Nadaraj and his wife Siveni Naidoo received a R2.1 million metro bill and their electricity was cut off, despite it being a mistake. PICTURE: BONGANI MBATHA  African News Agency (ANA)
Nadaraj and his wife Siveni Naidoo received a R2.1 million metro bill and their electricity was cut off, despite it being a mistake. PICTURE: BONGANI MBATHA African News Agency (ANA)

Durban Metro billing shambles: Merebank family's shocking R2.1m bill

By Mphathi Nxumalo and Winston Mfeka Time of article published Mar 13, 2020

Share this article:

Durban - Imagine opening your metro utilities bill to find you owe the eThekwini Municipality R1.4million.

Or worse, R2.1million.

This was the position Durban residents Ramesh Laldeo and Siveni Naidoo had to contend with.

Laldeo, of Merebank, said his metro bill last month was for R1.4million. This was the culmination of a series of problems he has had with the municipality.

In 2016, he experienced problems with a faulty water meter at his home and received high bills. The issue continued and, in one month in 2018, the bill was for R5 932, while his average monthly bill was about R3 000. He had the meter replaced, but it again became problematic.

“In July 2019, I received a bill of R672 608.57. When I queried it, (the municipality) said that they owed me a R1055 credit. In 2019, they replaced the water meter for the third time. The water guys come through on a monthly basis, between 11am and 12pm, to read our water meter.

“On February 23, 2020, my bill came to R1.4million. I made queries and I’m still waiting for feedback from the municipality. This is putting lots of pressure on my family, and yet we are paying our bill on a monthly basis,” Laldeo said.

Also of Merebank, Siveni Naidoo said she had to deal with a R2.1million metro bill in 2018.

Ramesh Ladeo's metro bill of over R1.4m. He is one of many Merebank residents who have complained about the incorrect municipal billing system.


“They came and cut off my lights. We had to take time off work to go to the electricity department and they apologised for the mistake,” she said.

However, even after talking to eThekwini officials, they were slapped with a R26 000 metro bill and had to pay R3 800 in cash. “We had to borrow money,” she said.

Naidoo said their bills were still getting higher, despite cutting down on electricity expenses and using gas stoves. The mother of three said she lived in constant fear of being hit with another huge metro bill.

The Daily News has regularly reported on the city’s problematic Revenue Management System (RMS), which cost the city about R600million.
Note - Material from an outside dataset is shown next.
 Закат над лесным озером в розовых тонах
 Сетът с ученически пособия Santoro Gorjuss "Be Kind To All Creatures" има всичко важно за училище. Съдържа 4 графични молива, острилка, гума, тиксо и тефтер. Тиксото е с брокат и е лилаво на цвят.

It was introduced in 2016, to replace the old Coins system.

IFP executive committee member Mduduzi Nkosi said he did not understand why the municipality had switched to the current billing system, as the previous system had worked properly.
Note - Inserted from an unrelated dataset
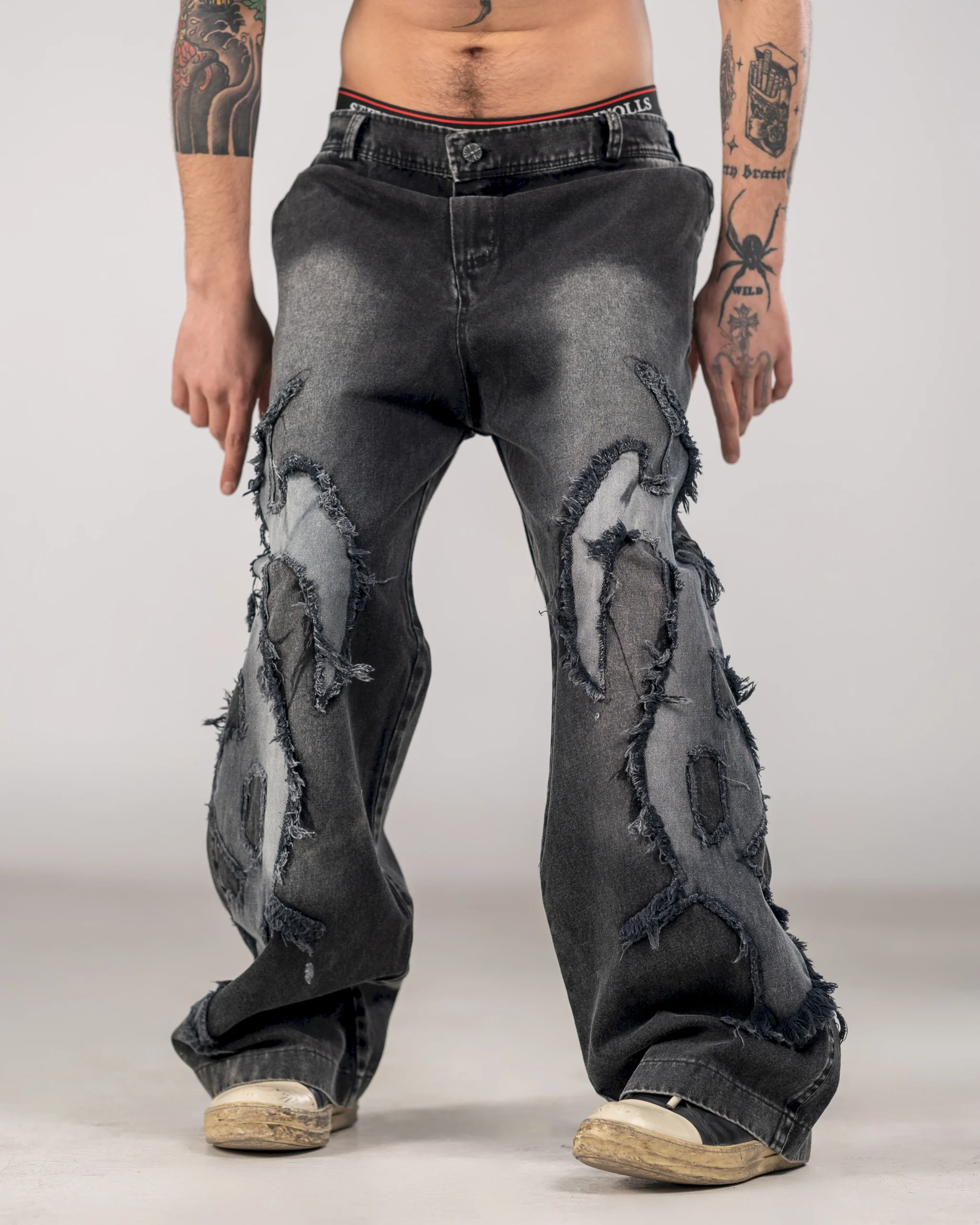 پچهای دیسترسشده: در نواحی زانو و ساق برای القای حال و هوای خیابانی ریشه های نخ و پارچه کار شده

“RMS has a number of problems, the first being in terms of migration. It took so many years for us to fully migrate to RMS. It’s obvious that RMS has problems with billing people,” he said.

Nkosi said he had been sceptical of the RMS system and revealed that the Ugu Municipality had declined its use, after conducting a study into its efficiency.
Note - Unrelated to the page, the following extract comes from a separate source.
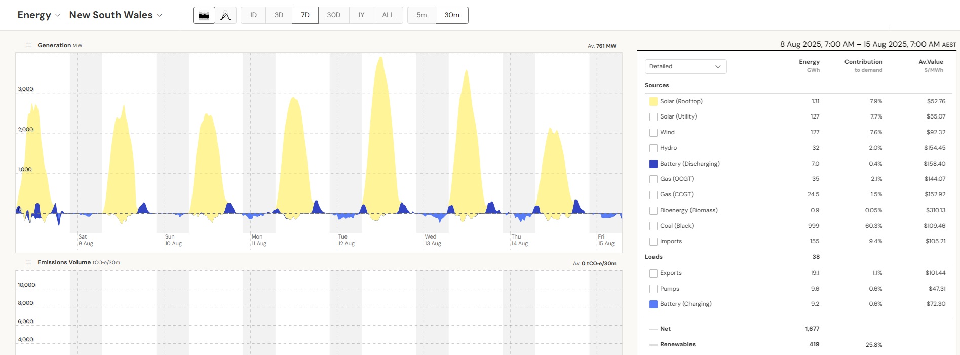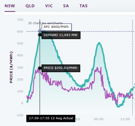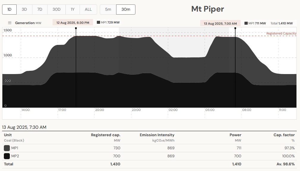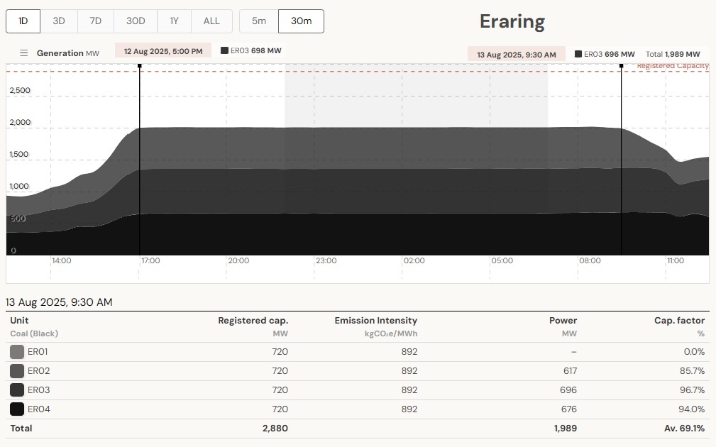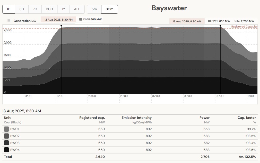 1 unit of Eraring is offline since Aug 5th. This means that the available coal plant capacity is only 7,550 MW

“It was known that RMS would create problems and its use only continues because it enriches certain individuals. Unfortunately the people of eThekwini will continue to suffer if a decision isn’t taken against this system.”

DA exco member Nicole Graham said they discovered, a few months ago, that some people were being charged commercial electricity rates, instead of residential rates. Graham said electricity meters were also not being checked on a consistent basis.

“Meters should be read at least every three months. Some people are reporting they are read every nine months, every ten months or not at all. Some of the problems are billing, some are that the departments are not doing their jobs,” she said.

“We have suggested the city have a billing open day, where people can bring their bills and the officials can correct what’s wrong, but that hasn’t happened yet,” she said.

“There are solutions the city can come up with to accommodate those in need.”

Municipal spokesperson Msawakhe Mayisela said no billing system was perfect and all cities had billing problems.

He said the city had an open door policy to people having problems with their bills so they could resolve them.

Mayisela said the city also faced problems, where their employees could not access properties, which were gated and closed off.

This forced employees to bill people based on estimates. He said the city, therefore, had avenues such as SMS and email for residents to send accurate readings.

Mayisela said there were also people who did not pay for long periods of time and then complained when they received high bills.

“It is important to determine the correctness of the consumption. Customers can verify if the readings on their bills are in line with the readings on site

"The city can be contacted through the various channels to assist the customers with clarification. This includes visiting the Revenue Management Department, at the Florence Mkhize building,” he said.

Mayisela said electricity readings were taken every three months and water readings every month.